Leaving out all pictures, reproduce the entries below exactly, from the first line through the line that contains "Portret gemaakt door".

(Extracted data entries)
☆ ☆ ☆ ☆ ☆
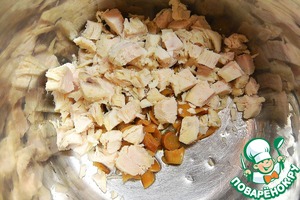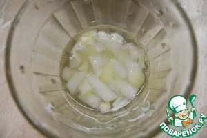 Лук нарезать кубиками и замариновать в уксусной воде (100мл воды + 1ст. л. уксуса).
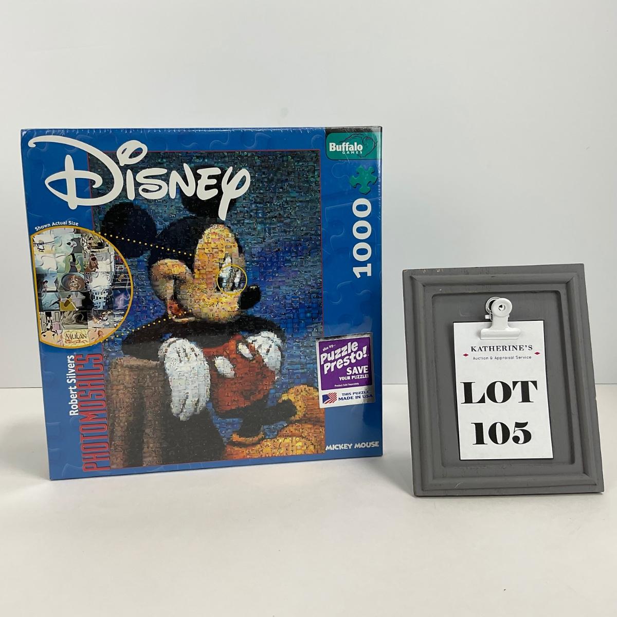 One 1000 piece Disney Mickey Mouse sealed puzzle. Please see photos for details and condition. Any condition statement is given as a courtesy to a client, is an opinion, and should not be treated as a statement of fact. Reference to condition written, oral or within a condition report shall not be regarded as a full account of condition and may not include all defects, alterations, or restorations. Absence of a condition report does not imply a lot is flawless or lacking imperfections or damage. Katherine’s Auction & Appraisal Service shall have no responsibility for any error or omission. Returns shall not be accepted on the basis of condition. ::: Shipping is available on this lot. If you require shipping you must let us know at the close of the auction. We will coordinate with you after the item has been won. Shipping fees will include insurance up to or exceeding the value of all items being mailed. If you have any questions regarding this lot please contact the auctioneer either via this website, by direct email or by phone. PICK UP TIMES and other important information can be found in the TERMS and DESCRIPTION of the auction. Please take a look for pertinent information. Thanks!
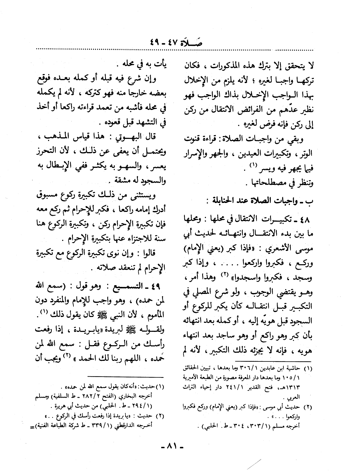 49 - التَّسْمِيعُ: وَهُوَ قَوْل: (سَمِعَ اللَّهُ لِمَنْ حَمِدَهُ) ، وَهُوَ وَاجِبٌ لِلإِْمَامِ وَالْمُنْفَرِدِ دُونَ الْمَأْمُومِ؛ لأَِنَّ النَّبِيَّ صَلَّى اللَّهُ عَلَيْهِ وَسَلَّمَ كَانَ يَقُول ذَلِكَ (1) . {
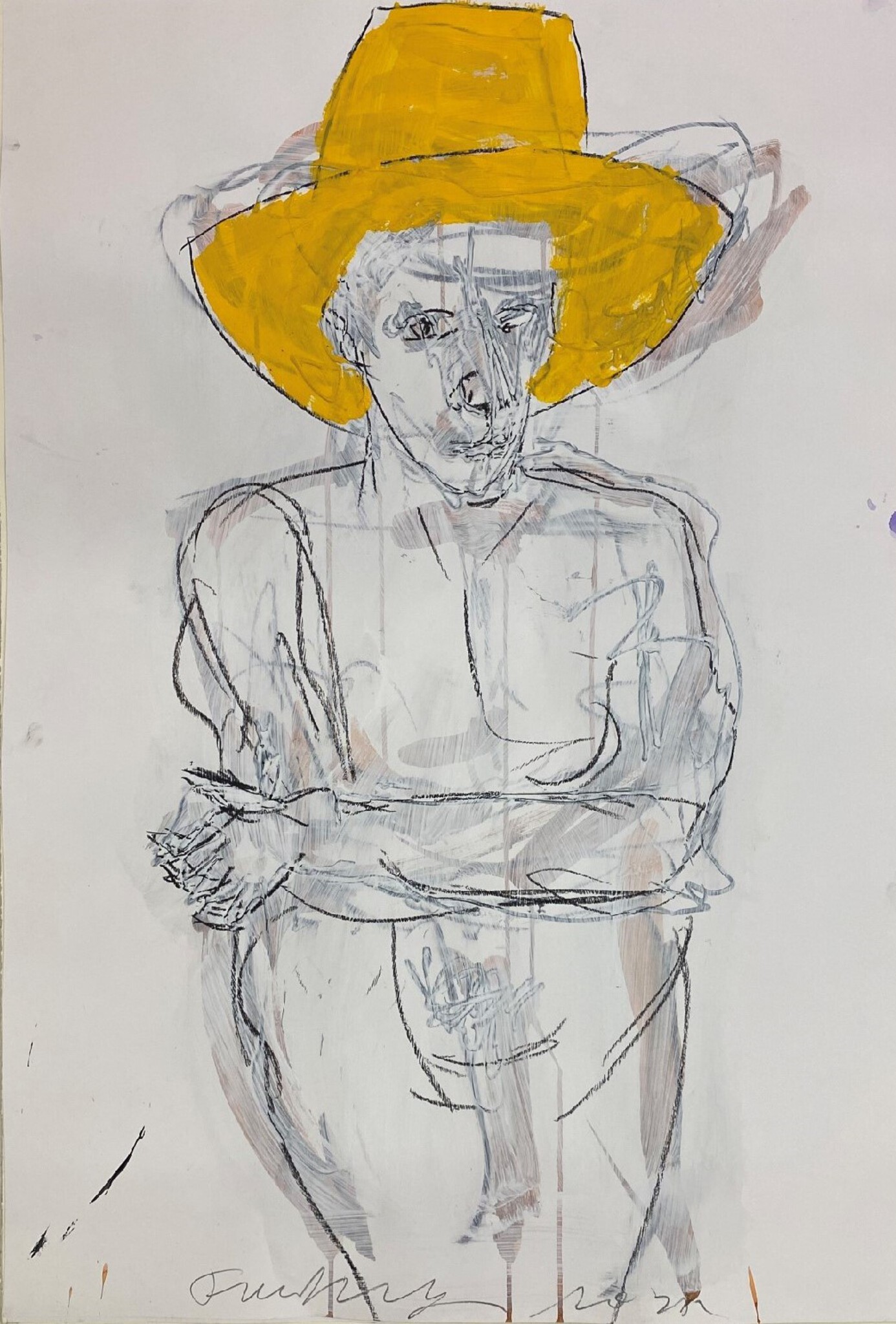 Portret gemaakt door Frans de Groot, gemengde techniek met krijt en acrylverf
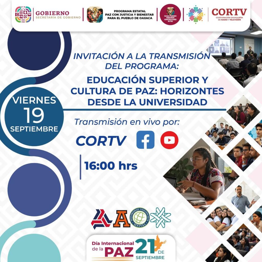 En el marco del Día Internacional de la Paz, a celebrarse este 21 de septiembre, la Sego invitó a representantes de cuatro importantes universidades de Oaxaca para participar en el primer episodio del programa producido por la Corporación Oaxaqueña de Radio y Televisión (Cortv).
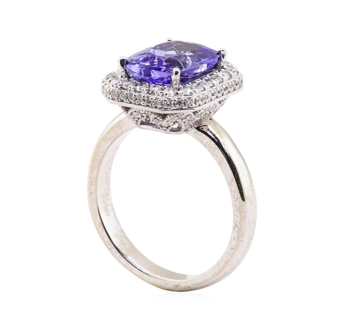 One 3.10ct Tanzanite and Diamond Ring - 14KT White Gold. IAS certified. See Appraisal for more details.
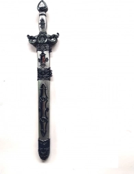 Prezentăm o sabie de cavaler de calitate, care nu trebuie să lipsească din echipamentul niciunui mic cavaler. Designul durabil și detaliat o face un accesoriu excelent pentru jocurile de rol și costumele istorice. Poate servi și ca obiect de colecție unic, datorită calității sale meșteșugărești și valorii estetice.
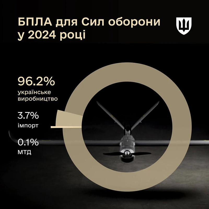 96% дронов, которые использовались украинскими защитниками на фронте этого года, были изготовлены в Украине. Как сообщили в Минобороны страны, в 2024-м украинские предприятия произвели около 1,5 млн разных типов дронов, включая FPV-дроны, самолеты-камикадзе, коптеры-бомберы и разведывательные БПЛА.
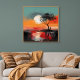 Esta obra de arte atmosférica captura um momento tranquilo de solidão sob um pôr do sol radiante. Uma figura solitária está à beira da água ao lado de uma árvore açoitada pelo vento, recortada contra um vasto céu pintado em tons quentes de laranja queimada, vermelho coral e dourado suave. O sol enorme pende baixo no horizonte, sua luz refletida na superfície tranquila do lago, criando um espelho onírico de cor e emoção.
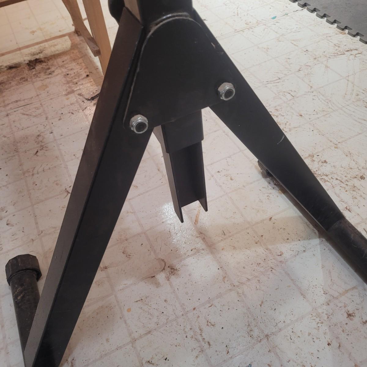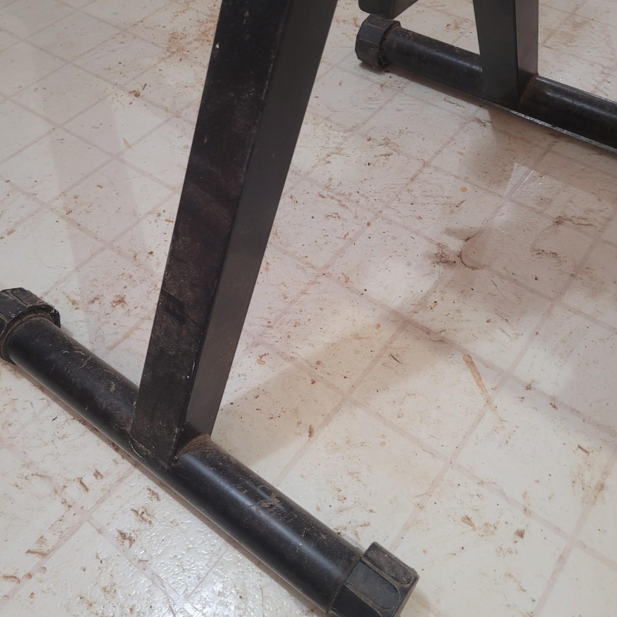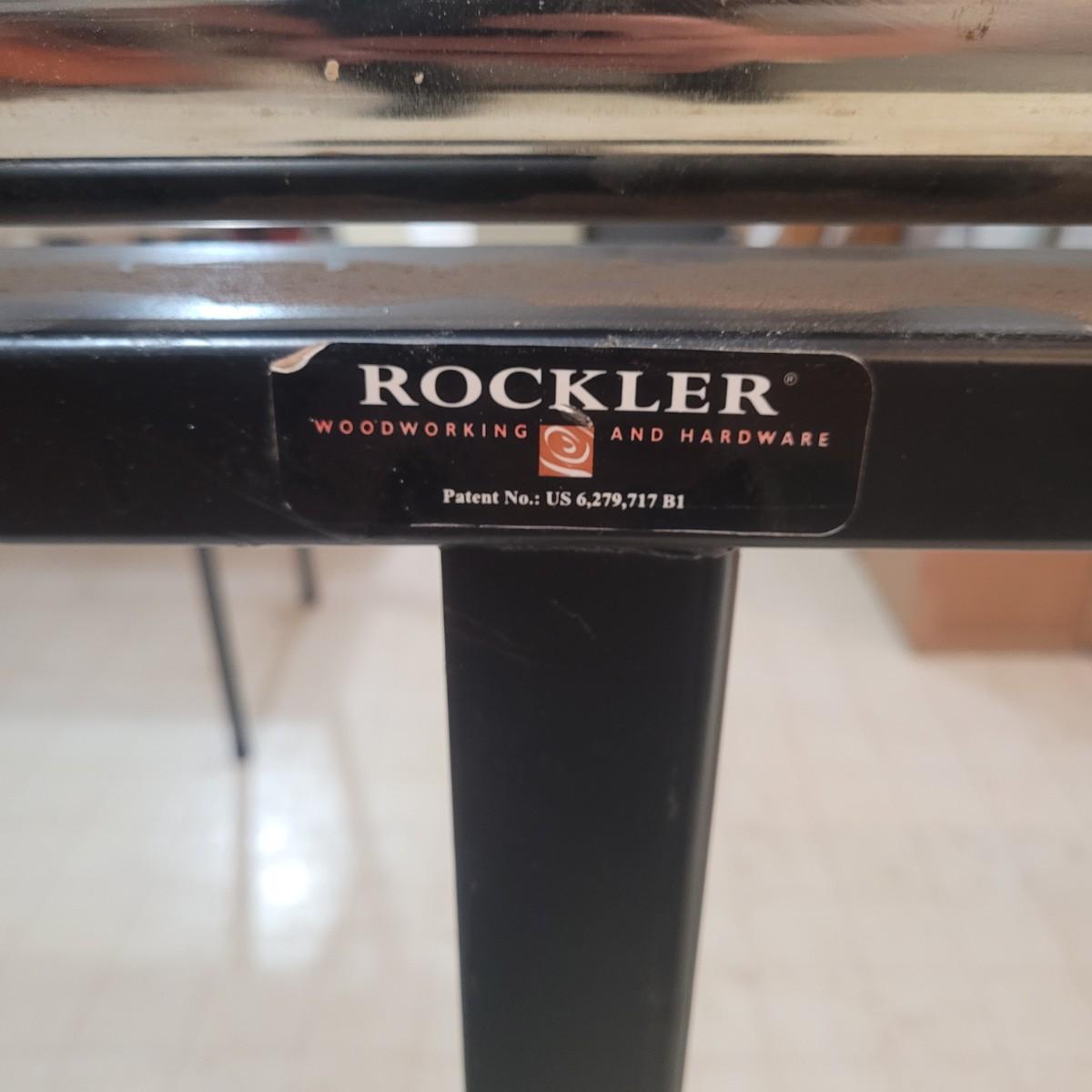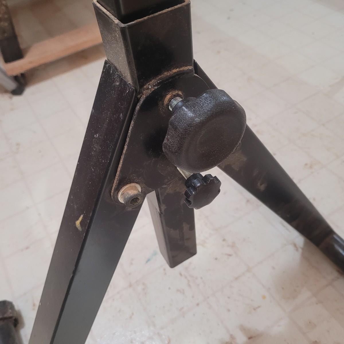 Rockler brand heavy duty foldable roller stand. Item measures 28" x 18" x 39". Height is adjustable. Made of metal with a few plastic components.
☆ ☆ ☆ ☆ ☆
* Solution for this exercise *
 Лук нарезать кубиками и замариновать в уксусной воде (100мл воды + 1ст. л. уксуса).
 One 1000 piece Disney Mickey Mouse sealed puzzle. Please see photos for details and condition. Any condition statement is given as a courtesy to a client, is an opinion, and should not be treated as a statement of fact. Reference to condition written, oral or within a condition report shall not be regarded as a full account of condition and may not include all defects, alterations, or restorations. Absence of a condition report does not imply a lot is flawless or lacking imperfections or damage. Katherine’s Auction & Appraisal Service shall have no responsibility for any error or omission. Returns shall not be accepted on the basis of condition. ::: Shipping is available on this lot. If you require shipping you must let us know at the close of the auction. We will coordinate with you after the item has been won. Shipping fees will include insurance up to or exceeding the value of all items being mailed. If you have any questions regarding this lot please contact the auctioneer either via this website, by direct email or by phone. PICK UP TIMES and other important information can be found in the TERMS and DESCRIPTION of the auction. Please take a look for pertinent information. Thanks!
 49 - التَّسْمِيعُ: وَهُوَ قَوْل: (سَمِعَ اللَّهُ لِمَنْ حَمِدَهُ) ، وَهُوَ وَاجِبٌ لِلإِْمَامِ وَالْمُنْفَرِدِ دُونَ الْمَأْمُومِ؛ لأَِنَّ النَّبِيَّ صَلَّى اللَّهُ عَلَيْهِ وَسَلَّمَ كَانَ يَقُول ذَلِكَ (1) . {
 Portret gemaakt door Frans de Groot, gemengde techniek met krijt en acrylverf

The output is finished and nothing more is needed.